The emergence of standards in any technical field shows that the time of unique start-up solutions is coming to an end. Today these solutions are gradually being replaced by an industrial approach. New players are stepping in, they are not eager to take part in terminology controversy, but they would like to build rapport with partners and open their business to new consumers with whom they can speak a common language. That was the case with Big Data – a set of emerging technologies that for several years were just a point on Gartner’s Hype Cycle and then suddenly dropped off in 2015. Considerable speculation on this theme led to a popular opinion that we had seen an outbreak of a new marketing term that disappeared together with the invested money. However, professionals explained it in a different way: Big Data moved rapidly beyond Gartner’s Hype Cycle and settled down firmly in the industry. To prove this fact, we will try to analyze recent standardized documents, that is standards and recommendations that regulate currents relations in the Big Data business.
In 2015 the first standardization documents in Big Data were issued, and that was NIST Special Publication 1500 under the title NIST Big Data Interoperability Framework in seven volumes: Definitions, Big Data Taxonomies, Use Cases and General Requirements, Security and Privacy, Architectures White Paper Survey, Reference Architecture, Standards Roadmap. ISO/IEC (International Organization for Standardization and International Electrotechnical Commission) began working on the standards in 2016. As a result, Joint Technical Committee ISO/IEC JTC 1, Information Technology developed the following standard: ISO/IEC CD 20546 – Information Technology – Big Data – Overview and Vocabulary. Besides, the committee outlined such standard as ISO/IEC TR 20547 Information Technology – Big Data Reference Architecture – Part 1: Framework and Application Process, Part 2: Use Cases and Derived Requirements. In 2013 ITU (International Telecommunication Union) first issued ITU-T Technology Watch Report under the title Big Data: Big Today, Normal Tomorrow and in 2015 the first recommendation known as ITU-T Y.3600 Big Data – Cloud Computing Based Requirements and Capabilities.

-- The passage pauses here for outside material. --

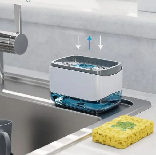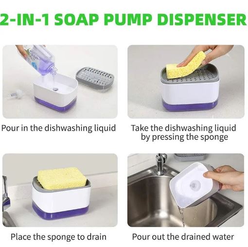 - This 2 in 1 liquid soap dispenser comes with a convenient sponge caddy holder, making it the perfect addition to any kitchen.
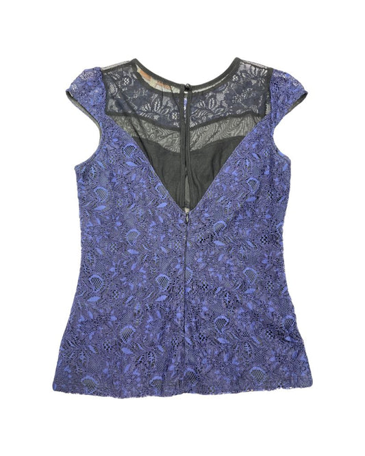 Guess Blue Lace Cap Sleeve Top With Black Accents

In all these documents, Big Data was described from an engineering perspective alternatively to a frequently cited publication by Danah Boyd and Kate Crawford who defined “Big Data as a socio-technical phenomenon”. Now the conversation between customers and developers can rely on a general definition based on multiplicity of v’s that semantically is identical in all standardized documents (Big Data consists of extensive datasets – primarily in the characteristics of volume, variety, velocity, and/or variability – that require a scalable architecture for efficient storage, manipulation, and analysis). Big Data focuses on the self-referencing viewpoint that data is big because it requires scalable systems to handle it. The ITU recommendation defines Big Data as a paradigm for enabling the collection, storage, management, analysis and visualization, potentially under real-time constraints, of extensive datasets with heterogeneous characteristics. (NOTE – Examples of datasets characteristics include high-volume, high-velocity, high-variety, etc.).
The major achievement of standardization in the field of Big Data is the introduction of Big Data reference architecture. It is comprised of a number of actors who perform specific roles and responsibilities in Big Data projects: a Data Provider, Data Consumer, System Orchestrator, Big Data Application Provider (data mining, analytics, preparation, visualization, and access control), Big Data Framework Provider (infrastructure, platform, processing, messaging and communication system, resource management).

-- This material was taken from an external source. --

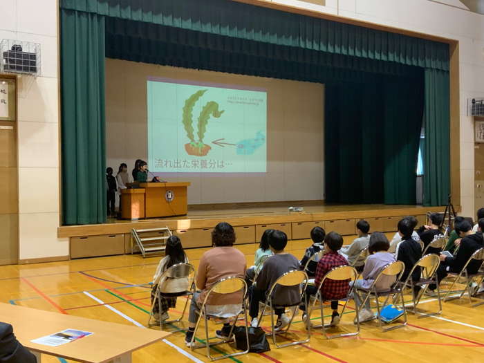 ブルーカーボン学習を行い、羅臼の海に生息している昆布によって二酸化炭素がおさえられていることや津波学習など、環境問題について関心を高める学習を実施した。
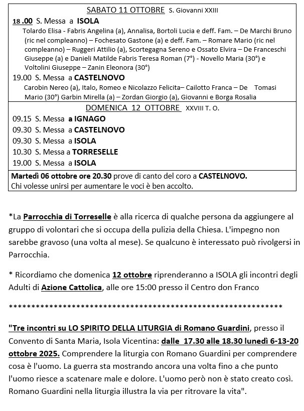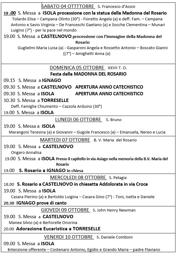 XXVII TEMPO ORDINARIO

Having quite a detailed description of each role, a project manager can effectively distribute work between people and partner organizations. A base model has a visual graphic form that allows using it as a template when high-level Big Data system designing is required. Within the regulatory documents, NIST and ISO/IEC have provided a highly detailed overview of the popular use cases where Big Data is a key for the implementation process. Such an overview enables highlighting the basic requirements to Big Data processing systems, which is very useful when positioning specific projects. If we take a look at the main application fields of Big Data today, we can group the following use cases:
It is clear that Big Data standards correlate with a number of other IT standards and recommendations adopted by various international organizations, thus representing future directions of standardization in this field.
Obviously, the purpose of standards development is their application in future. Quite often the advantage of using standards is not evident at the early stages of their emergence. However, we can recall the publication of ISO/OSI Reference Model (ISO 7498, ITU-T X/200) that helped the developers` community to gain complete understanding of network systems, and for many years it has been serving as a basis for maintaining a competitive software and network equipment market. A set of more detailed standards for separate model components was developed, and as a result, adherence to these standards allowed vendors to provide interaction between huge networks, and software manufacturers- to modernize networks without involvement of physical equipment. Thus, the Big Data industry has a great potential, and the emergence of standards will boost its development in the coming years.